**Work instruction**
Apart from the pictures, every entry below should be repeated exactly.

Records for this task Block Start

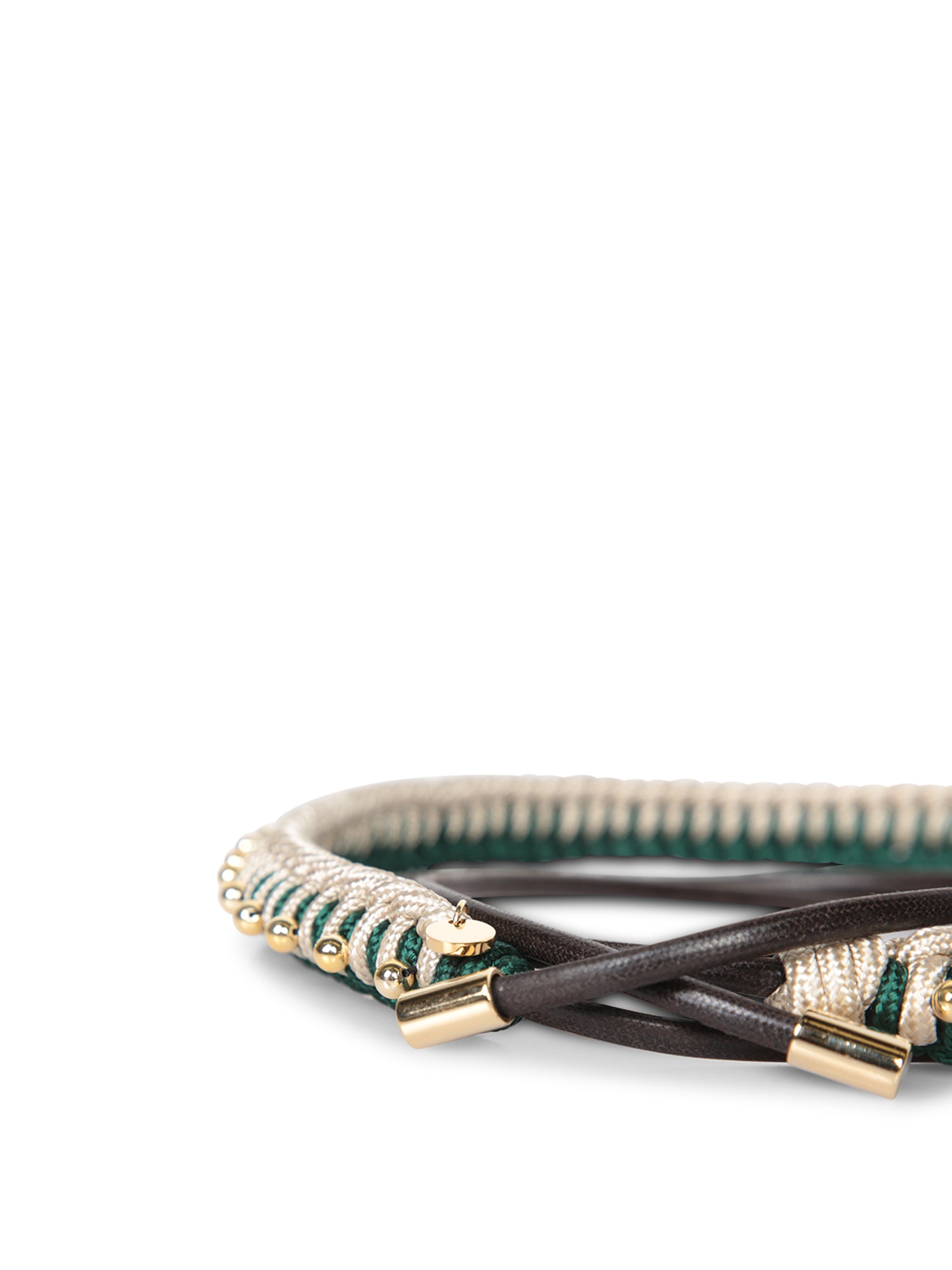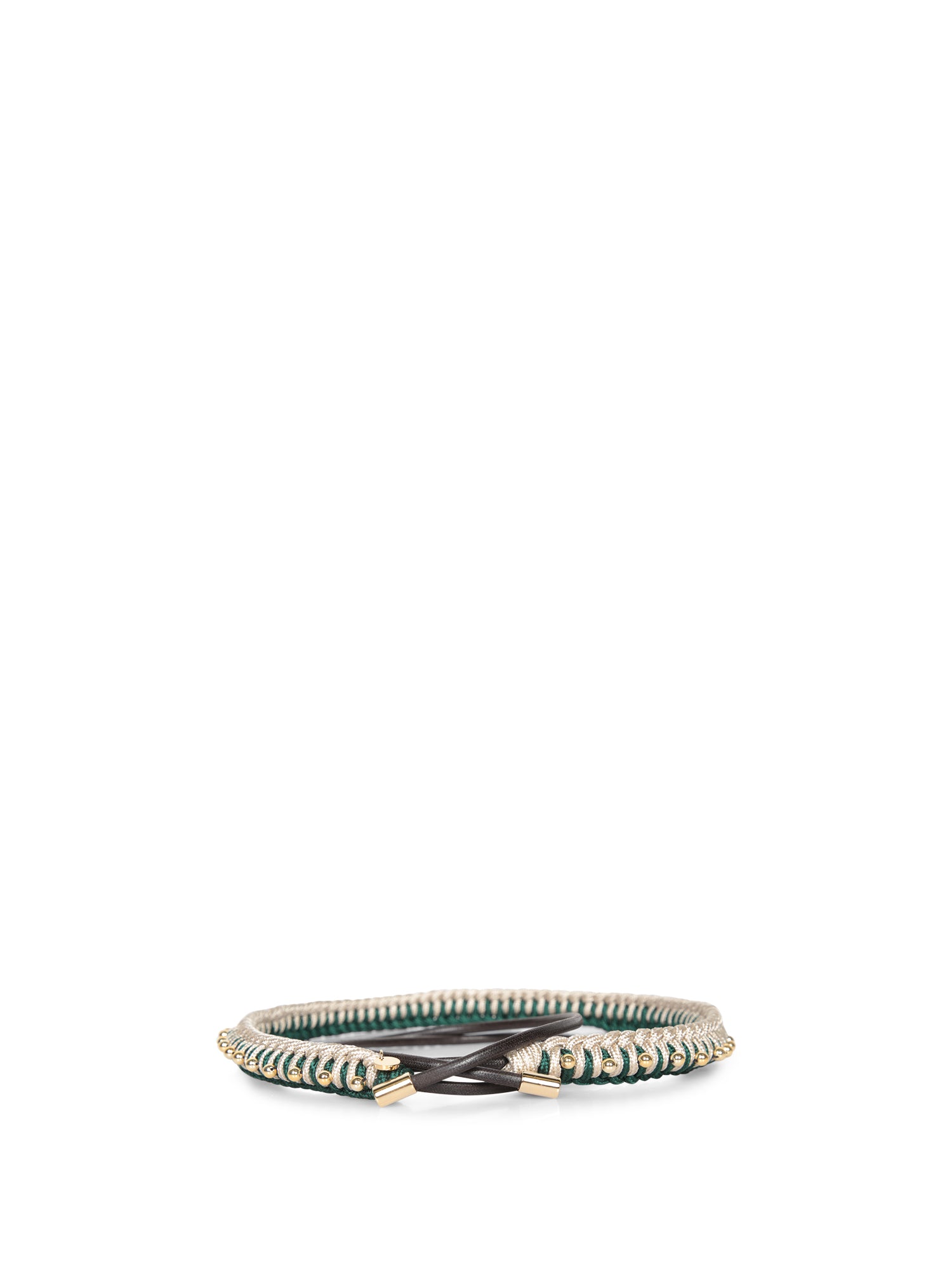 Crochet belt with beige and green weaving. Black metal buckle. Gold metal accents.
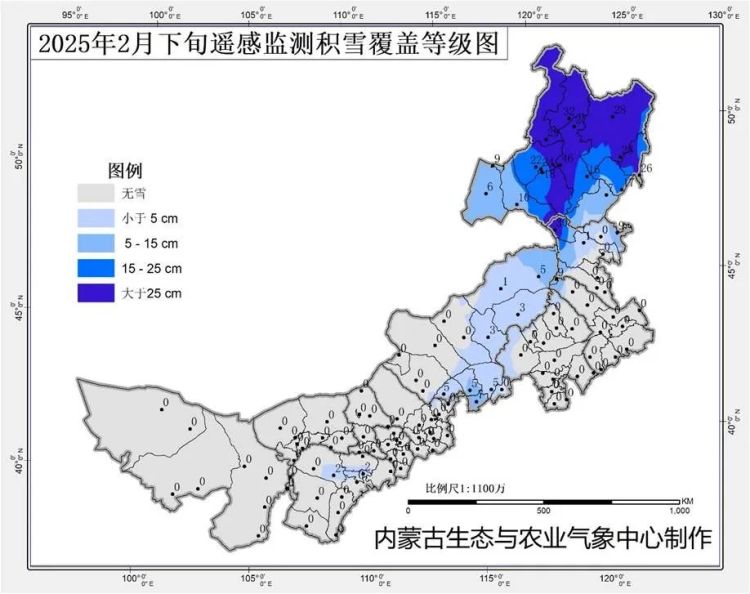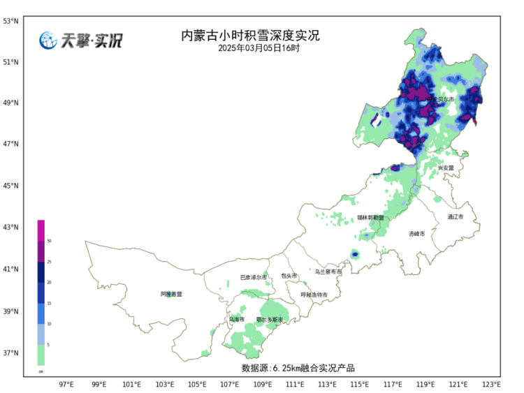 据内蒙古气象部门最新观测数据显示,目前我区主要在呼伦贝尔市、兴安盟北部、通辽市北部局地、赤峰市局部、锡林郭勒盟大部、鄂尔多斯市局部地区有积雪覆盖,面积约为43.51万平方千米,约占全区总面积的36.78%,积雪最深处为46厘米,出现在呼伦贝尔牙克石市。
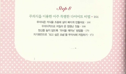반복되는 다이어트로 지쳐있는 심신을 안정시키고, 다이어트에 대한 올바른 마음가짐에 대한 내용이다.
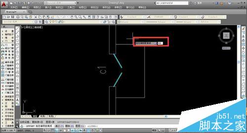 6、確定偏移命令后,第一步,點擊偏移位置,并輸入偏移位移,按下空格鍵進(jìn)行命令的輸入數(shù)據(jù)確定。
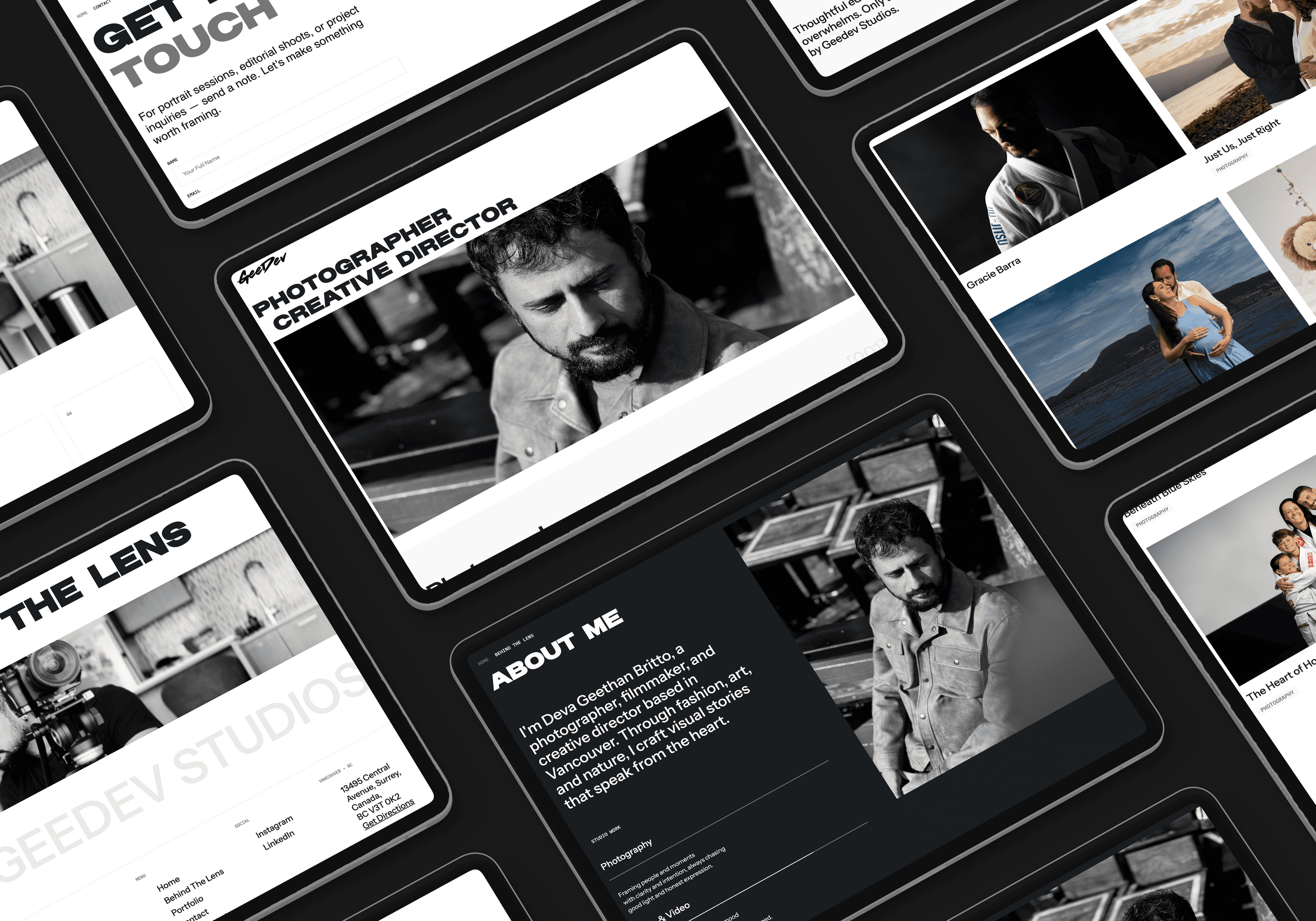 I worked with Geedev Studios, a photography studio based in Vancouver, to design and develop their custom WordPress website — a clean, responsive platform to showcase editorial, portrait, and event work. I also created a cohesive visual identity for the brand, ensuring consistency across digital and print applications. In addition to digital design, I contribute to the studio’s ongoing creative process through retouching, social media content, and on-set production support during photoshoots. Photo Retouching: Enhancing and retouching images to align with the studio’s aesthetic. Social Media Promotions: Designing content and planning strategies to boost online presence and audience engagement. Photoshoot Assistance: Supporting live shoots with lighting, styling, and production coordination. This project combines my skills in digital design, branding, and photography — helping Geedev Studios present its work with clarity and impact.
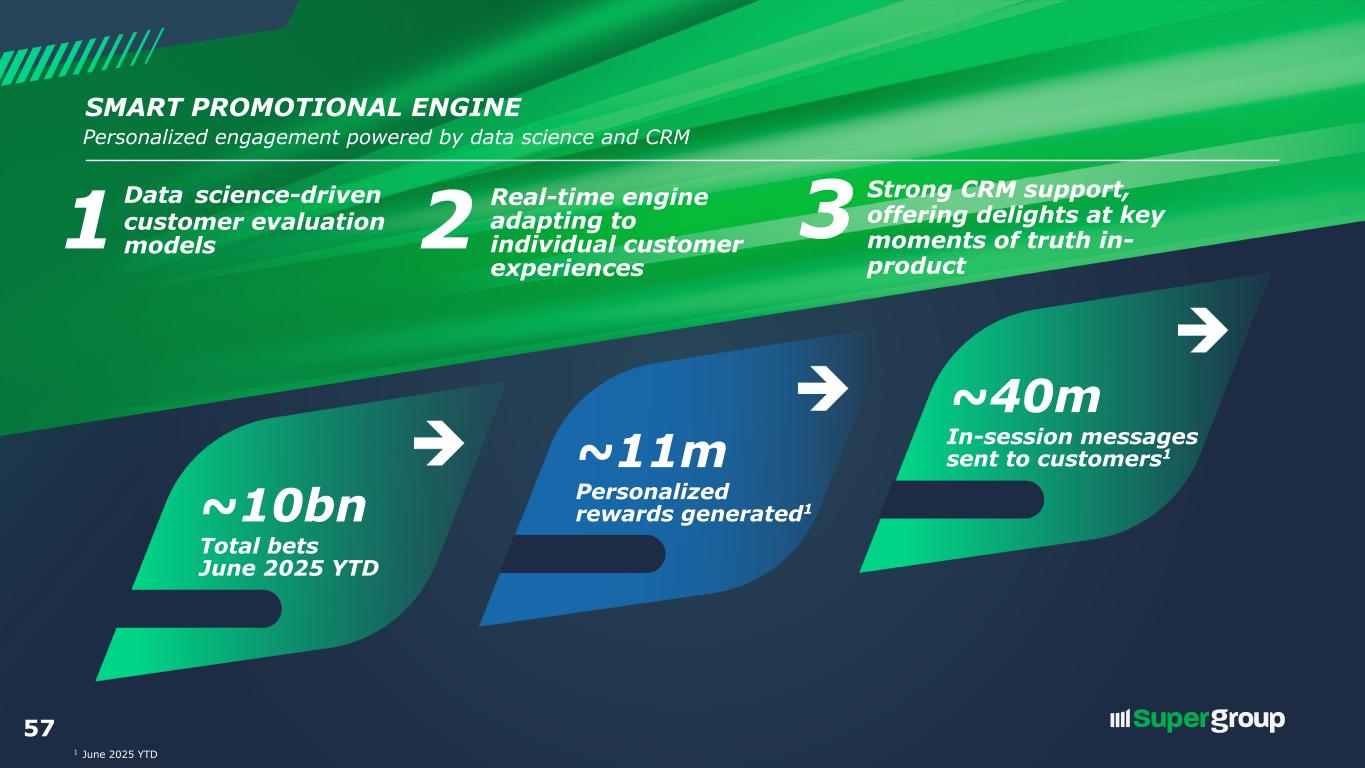 57 1 Data science-driven customer evaluation models 2 Real-time engine adapting to individual customer experiences ~40m In-session messages sent to customers1 ~10bn Total bets June 2025 YTD ~11m Personalized rewards generated1 3 Strong CRM support, offering delights at key moments of truth in- product SMART PROMOTIONAL ENGINE Personalized engagement powered by data science and CRM 1 June 2025 YTD

Records for this task Block End

**Exercise result**
 Crochet belt with beige and green weaving. Black metal buckle. Gold metal accents.
 据内蒙古气象部门最新观测数据显示,目前我区主要在呼伦贝尔市、兴安盟北部、通辽市北部局地、赤峰市局部、锡林郭勒盟大部、鄂尔多斯市局部地区有积雪覆盖,面积约为43.51万平方千米,约占全区总面积的36.78%,积雪最深处为46厘米,出现在呼伦贝尔牙克石市。
반복되는 다이어트로 지쳐있는 심신을 안정시키고, 다이어트에 대한 올바른 마음가짐에 대한 내용이다.
 6、確定偏移命令后,第一步,點擊偏移位置,并輸入偏移位移,按下空格鍵進(jìn)行命令的輸入數(shù)據(jù)確定。
 I worked with Geedev Studios, a photography studio based in Vancouver, to design and develop their custom WordPress website — a clean, responsive platform to showcase editorial, portrait, and event work. I also created a cohesive visual identity for the brand, ensuring consistency across digital and print applications. In addition to digital design, I contribute to the studio’s ongoing creative process through retouching, social media content, and on-set production support during photoshoots. Photo Retouching: Enhancing and retouching images to align with the studio’s aesthetic. Social Media Promotions: Designing content and planning strategies to boost online presence and audience engagement. Photoshoot Assistance: Supporting live shoots with lighting, styling, and production coordination. This project combines my skills in digital design, branding, and photography — helping Geedev Studios present its work with clarity and impact.
 57 1 Data science-driven customer evaluation models 2 Real-time engine adapting to individual customer experiences ~40m In-session messages sent to customers1 ~10bn Total bets June 2025 YTD ~11m Personalized rewards generated1 3 Strong CRM support, offering delights at key moments of truth in- product SMART PROMOTIONAL ENGINE Personalized engagement powered by data science and CRM 1 June 2025 YTD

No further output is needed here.